Arm
Arm, Lunu'nun uyuduğu döşeğin yanına, yere bağdaş kurarak oturmuş, kızın aldığı düzenli nefeslerini dinliyordu. Ellerini çilli yanağının altında birleştirip kendine yastık yapmış olan kız, sanki hayatlarında hiçbir şey değişmemiş, bilinmezin kollarına sürüklenmiyorlarmış gibi huzurlu görünüyordu. Bu o kadar şaşırtıcı değildi, çünkü Arm'ınki gibi gecelerine musallat olan canavarları yoktu onun. Uykuları sadece düşlerle dolu bir yolculuktu. Cehenneme dönen kâbuslar ise hep Arm'ın omuzlarında olurdu.
Arm gecelerinin zehirli geçmesine alışıktı aslında. Gündüzleri dünyayı nasıl parlak görüyorsa, geceleri inatla daha karanlıktı. Kalbinin içinden taşan yükleri onu uykusunda avlamak için bu karanlıkta pusu kuruyordu. Eskiden ızdırap yüklü canavarları çoğunlukla annesinin yüzüne bürünürdü ama artık kâbuslarının yeni bir yüzü vardı.

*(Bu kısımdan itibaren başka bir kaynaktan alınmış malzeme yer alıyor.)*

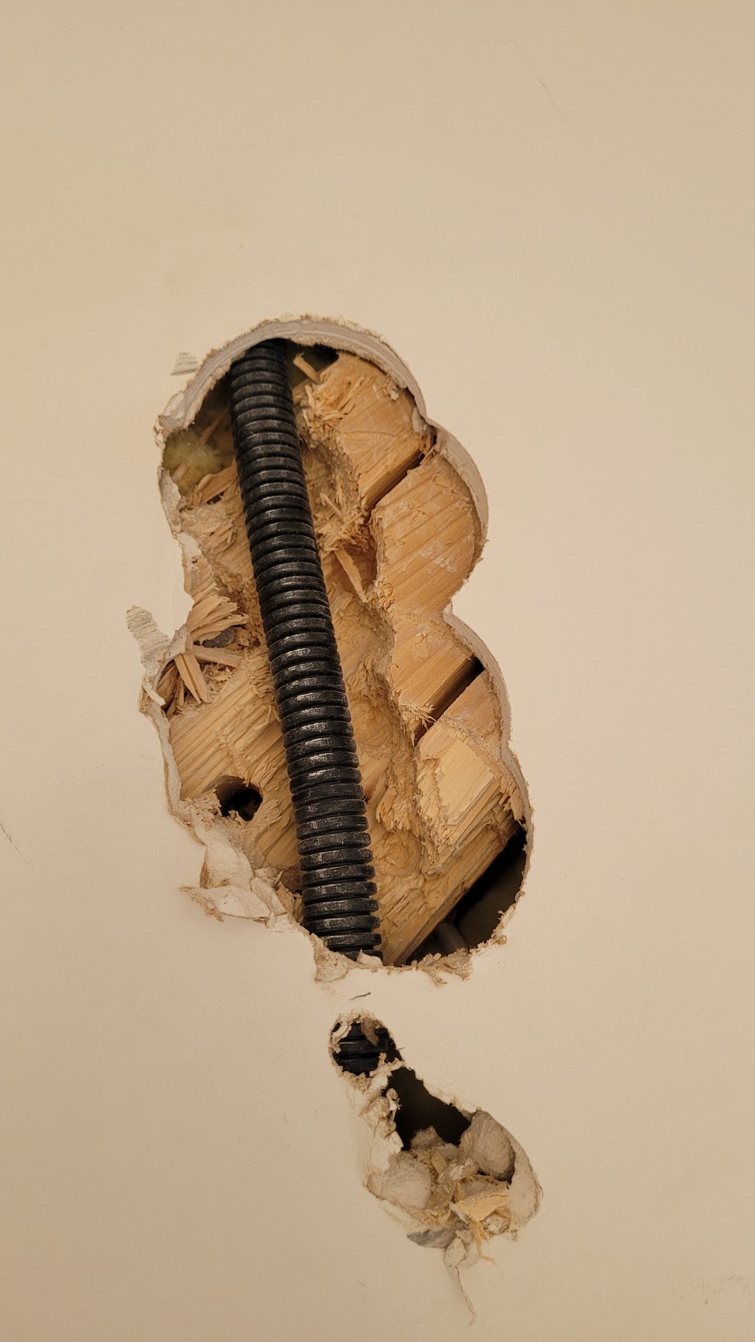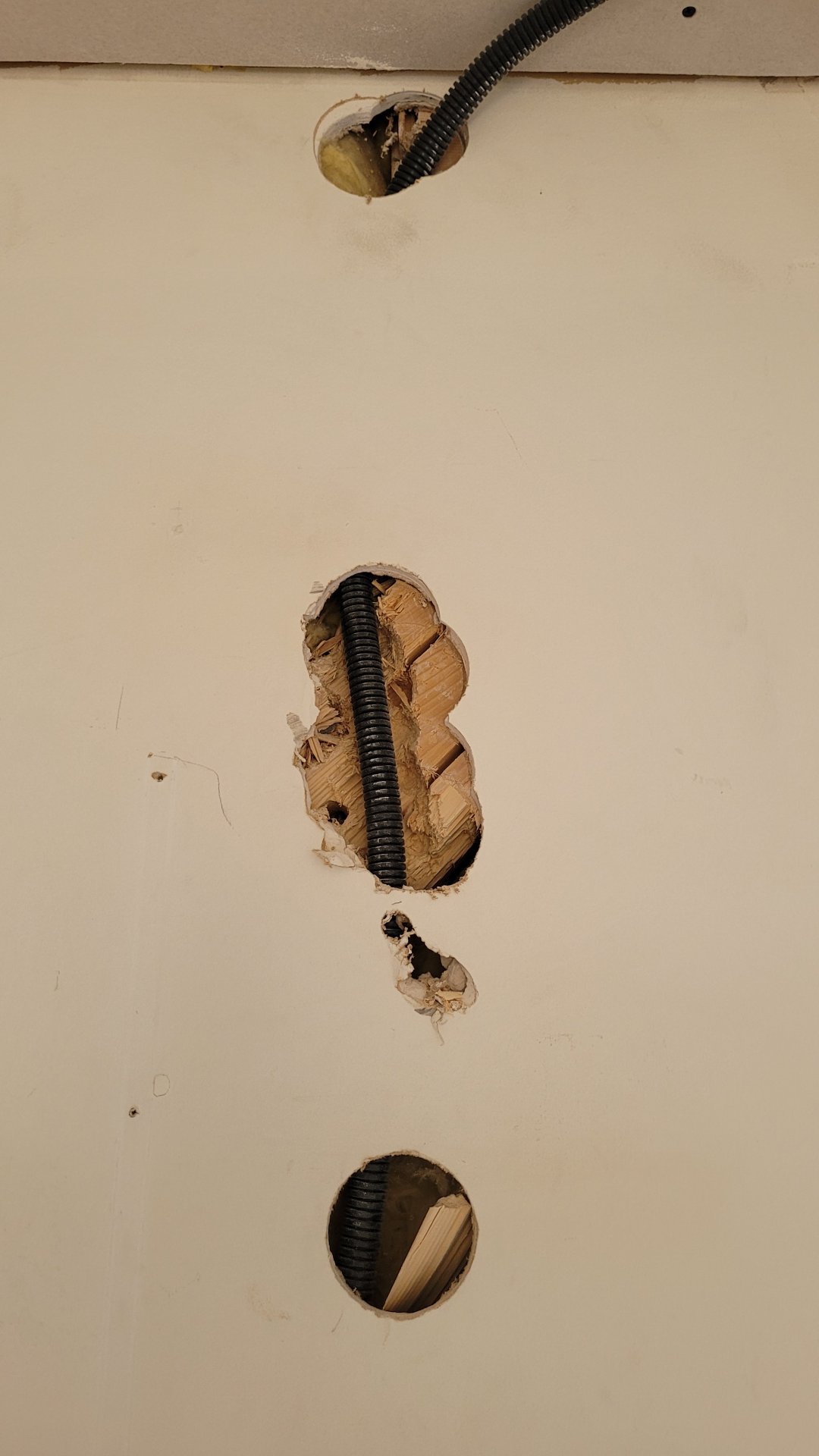 5. Elektriker hat Holzbalken mehrfach durchbohrt

Gemi direğinden sürüklenerek götürülüp bir hücreye kapatıldıklarından beri hemen hemen her gece aynı kâbusa düşüyordu. Hep aynı şekilde başlıyordu bu karabasan. Önce şehrinin sokaklarında, gülümseyen Lunulata'yı takip ediyordu. Sonra kızın ela gözleri kocaman açılıyor, suratına panik dolu bir ifade yerleşiyordu. Gerilen çilleri yanaklarında savruluyordu. Kızın ne gördüğünü anlamak için arkasına baktığında kimse orada olmuyordu. Önüne döndüğünde Lunu'yu da kaybettiğini fark ediyordu. Her yere bakıyordu ama etrafta da kimsecikler yoktu. Ne kardeşi ne de başka bir insan. Sonra uzaklardan gelen bir çığlık duyuyordu. Tekrar dönüyor, Kaya Şehri'nin kocaman kayalıklarının tepesine kadar Lunu'nun peşinde koşan Lazlo'yu görüyordu. Kaçmak için çırpınan kardeşinin üstü başı yırtılmıştı ve her adımı diğerinden daha sarsaktı. Arm tüm gücüyle onlara yetişmek için koşuyordu. Kırmızı suratlı tekinsiz bir adam olan Lazlo kardeşinin üzerine atılamadan hemen önce onu yakalıyor ve sonra boğuşmaya başlıyorlardı. Lazlo'nun çılgına dönmüş gözlerine bakıyordu. Nefret doluydu o gözler. Adamı uçurumun kenarından itmeden hemen önce gözlerindeki öfkeyle karışık korkuyu içiyordu Arm. Lazlo düşerken onu da yakasından yakalayıp dipsiz sulara çekiyor ve karanlık sular onları yutarken Arm çığlık atmaktan başka hiçbir şey yapamıyordu. Uyandığında bunun sadece bir kâbus olduğunu sürekli kendine hatırlatması gerekiyordu.
Ama ne fayda.
Çünkü bu kâbus uyanınca bitecek türdeki kâbuslardan değildi. Gerçeğin ta kendisiydi de aynı zamanda.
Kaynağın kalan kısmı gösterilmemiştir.